Acerto de contas com o passado: ampliação da cobertura dos antigos contratos através da

migração para novos contratos estabelecidos com base na regulação – tornado ainda mais

crítico depois da recente decisão do STF no sentido da não retroatividade da regulação;

Repactuação das relações entre operadoras e prestadores de serviços – o que depende, no

nosso entender, do estabelecimento de novas regras legais, que prevejam, entre outras

coisas, o estabelecimento de normas de remuneração que não tenham o pagamento por

procedimento como único parâmetro;

Ampliação dos mecanismos que assegurem maiores estabilidade e horizontes temporais

para o funcionamento do mercado, tais como: fortalecimento do resseguro e co-seguro

para dar maior segurança para operadoras, prestadores de serviços e principalmente os

consumidores; e garantias para a continuidade da prestação dos serviços em casos de

liquidação extra-judicial de operadoras;

Assistência farmacêutica, sobretudo em relação aos medicamentos de uso continuado;

Maior transparência nas ações e informações, de forma a assegurar possibilidades efetivas

de controle público, estatal e social, sobre a dinâmica do mercado e da própria Agência.
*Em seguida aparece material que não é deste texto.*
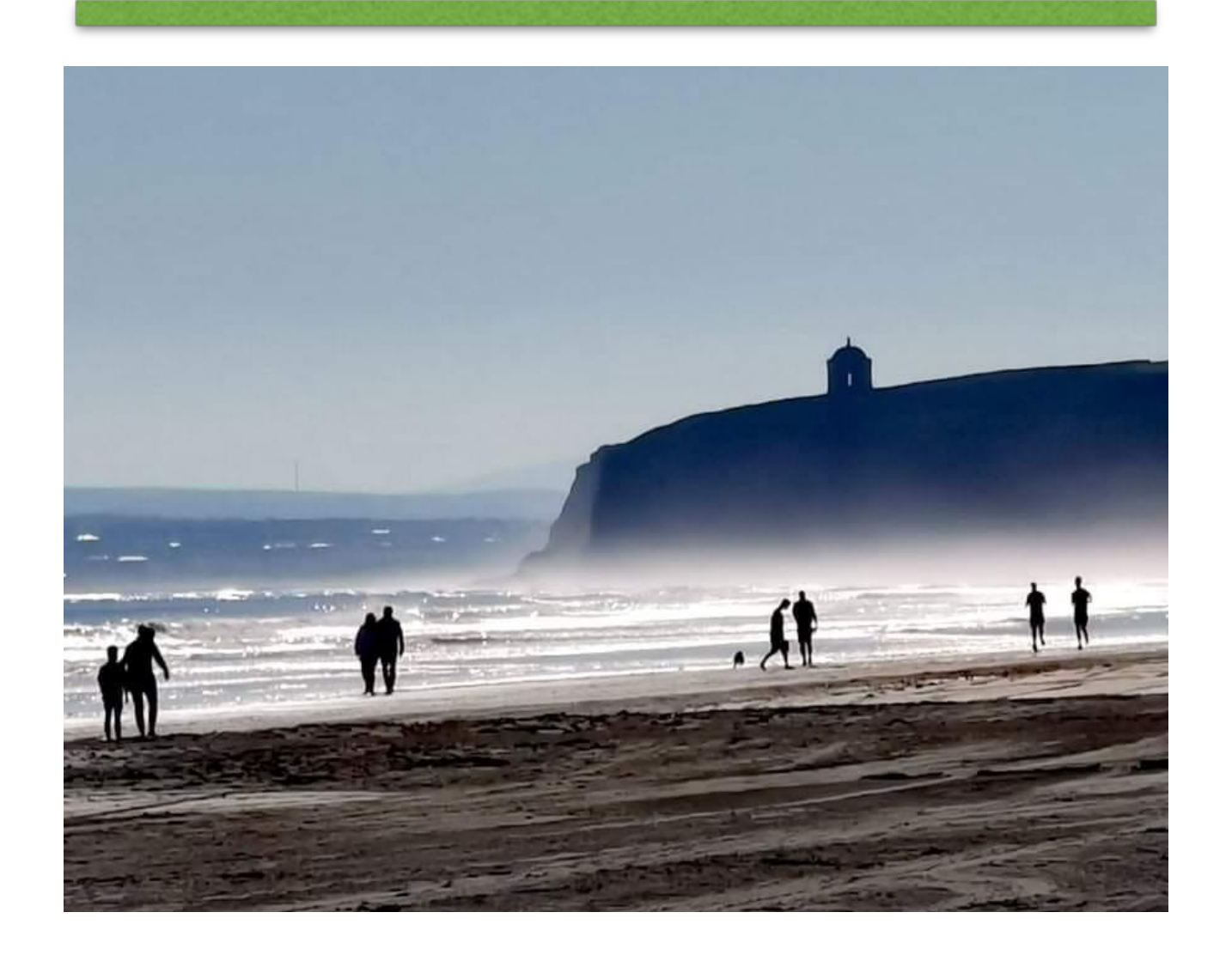
Image of the day Mussenden Temple and Downhill Strand Co. Londonderry
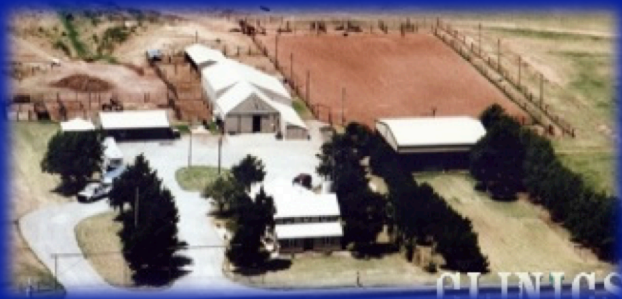
Phil's training facility in Weatherford, OK

In the training business your success depends completely on referral business and return business from existing customers. You can advertise and market all you want but if you don't put out a product that satisfies your customers, they won't be back. The one slogan that I have always used is, "you're only as good as the last set of horses you put out." I remind myself of this every day and every time I am getting ready to send another horse home I ask myself, "have I prepared this horse so that he can reach his potential at some point down the road?" This is what I strive for each day that I have a horse in training. This is a pretty simple question, but sometimes not all that easy to accomplish. The years of experience definitely help when it comes to duplicating this feat with each set of horses that you have in training.
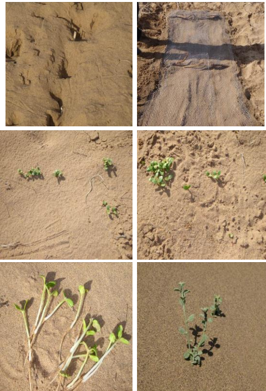
Fig. 3. Seed sowing method (pitting), and covering seeded area with a thin steel mesh (top), seed germination and seedling growth (middle), thinning the bunched seedlings (bottom left) and establishment of young Smirnovia iranica plants in natural habitat (bottom right)
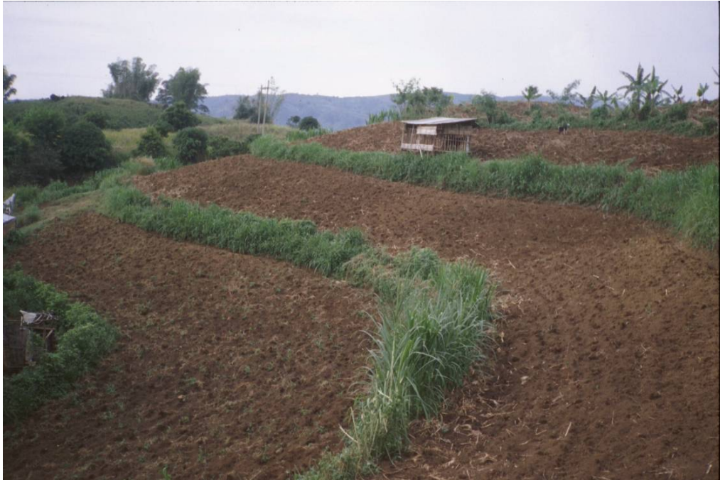
Fig. 9 Contour strips of forage grasses in Malitbog, introduced through the Forages for Smallholders Project.

Entre os chamados desafios conjunturais, apresentados no documento em questão, vale

destacar a necessidade de aprofundamento do saneamento do mercado a ser feito de forma

articulada com o Ministério Público e o Conselho Administrativo de Defesa Econômica

(CADE). O documento trata, ainda, por desafios conjunturais tanto algumas ações de curto

prazo a serem levadas a termo diretamente pela Agência – coibir falsos planos e

‘coletivização’ de planos individuais –, quanto a maior agilidade para a aplicação de multas,

uma questão muito importante, mas que depende de mudança da legislação e da definição do

quadro de carreira da Agência.

Deve se chamar a atenção, ainda, para o fato de que a história do mercado de saúde

suplementar no Brasil supera em muito a recente experiência de regulação do setor. É de cera

forma natural, portanto, que o marco regulatório apresente, ainda, inconsistências e lacunas e

que venha no futuro próximo a passar por sucessivas revisões até que logre atingir uma certa

maturidade. Neste sentido, a repactuação dos termos do marco regulatório acima mencionada

não deve ser considerada como um passo definitivo, mas sim como um momento de uma

trajetória maior.

A Agência, como estrutura central da regulação, deve estar preparada para continuar a operar

em um ambiente ainda instável, com regras insuficientes e mutáveis, no qual continuará a

estar submetida a pressões dos diferentes segmentos sociais nele presentes. Trata-se, portanto,

de enfrentar um aparente paradoxo: consolidação do processo regulatório do subsetor de

saúde suplementar num ambiente de mudanças internas e externas ao mesmo. Nessa

perspectiva, a ANS deve estar apta para atuar como um importante vetor de articulação,

diálogo e de promoção de mudanças. A dimensão político-estratégica é, portanto, central para

que a Instituição assuma plenamente o seu papel de construtora de futuros possíveis no campo

da regulação da saúde privada no Brasil.